Another unintended consequence of enabled student agency is the potential for inequity, particularly when some students have had limited prior opportunities to contribute to decisions about their own learning. This means that different individuals and student groups, especially those from socio-economically disadvantaged backgrounds, will need additional support and guidance from teachers and schools to develop the knowledge, skills and dispositions to make best use of agency (OECD, 2019[39]).
Lessons from student agency initiatives are:
policies that promote and enable learner and professional autonomy and flexibility need to go hand-in-hand at school and system levels;
curriculum structure needs to be sufficiently flexible to avoid locking in specific topics, resources or contexts and open up how students can engage in meaningful, relevant and engaging learning experiences;
students need insights into the scope and depth of various modes of teaching and learning available to them, with monitoring processes to ensure equity of access and opportunity.
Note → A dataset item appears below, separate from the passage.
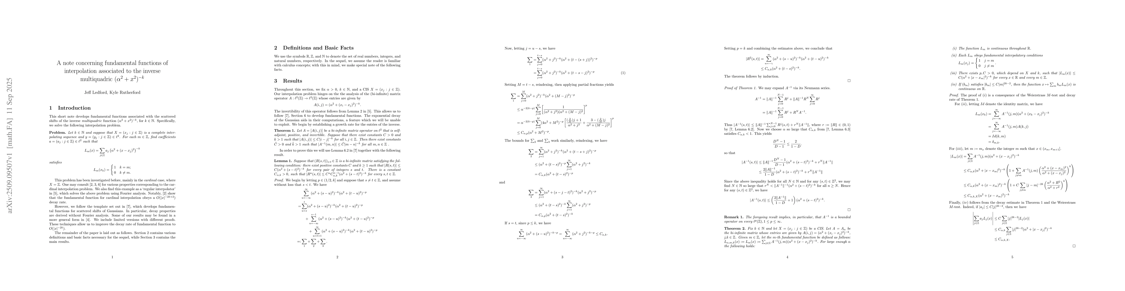 This short note develops fundamental functions associated with the scattered shifts of the inverse \emph{multiquadric} function $(\alpha^2 + x^2)^{-k}$, for $k\in\mathbb{N}$.

One of the most common unexpected consequences for countries and jurisdictions introducing student choice, student voice or student agency is caused when a clear distinction is not made between these ways of engaging learners. In addition to understanding and using the appropriate terminology, countries and jurisdictions must:
specify the scope and limitations of autonomy, and ensure this is communicated to all stakeholders;
recognise the implications for schools in terms of organisational change, and ensure that measures are taken to support the autonomy learners are granted;
monitor how students use their autonomy, to identify and rectify equity and/or access issues.
EdTech industry
One intention of curriculum flexibility and autonomy is to encourage innovation in response to student needs, local contexts and emerging areas of learning. However, without the right incentives, future directions or a well-established conceptual framework for learning and well-being, EdTech might replicate digital versions of current issues with education systems. It is important to transform EdTech towards the aims set out in the OECD Learning Compass, such as valuing and supporting agency and well-being, instead of simply amplifying learning and teaching practices such as “preparing for the test”.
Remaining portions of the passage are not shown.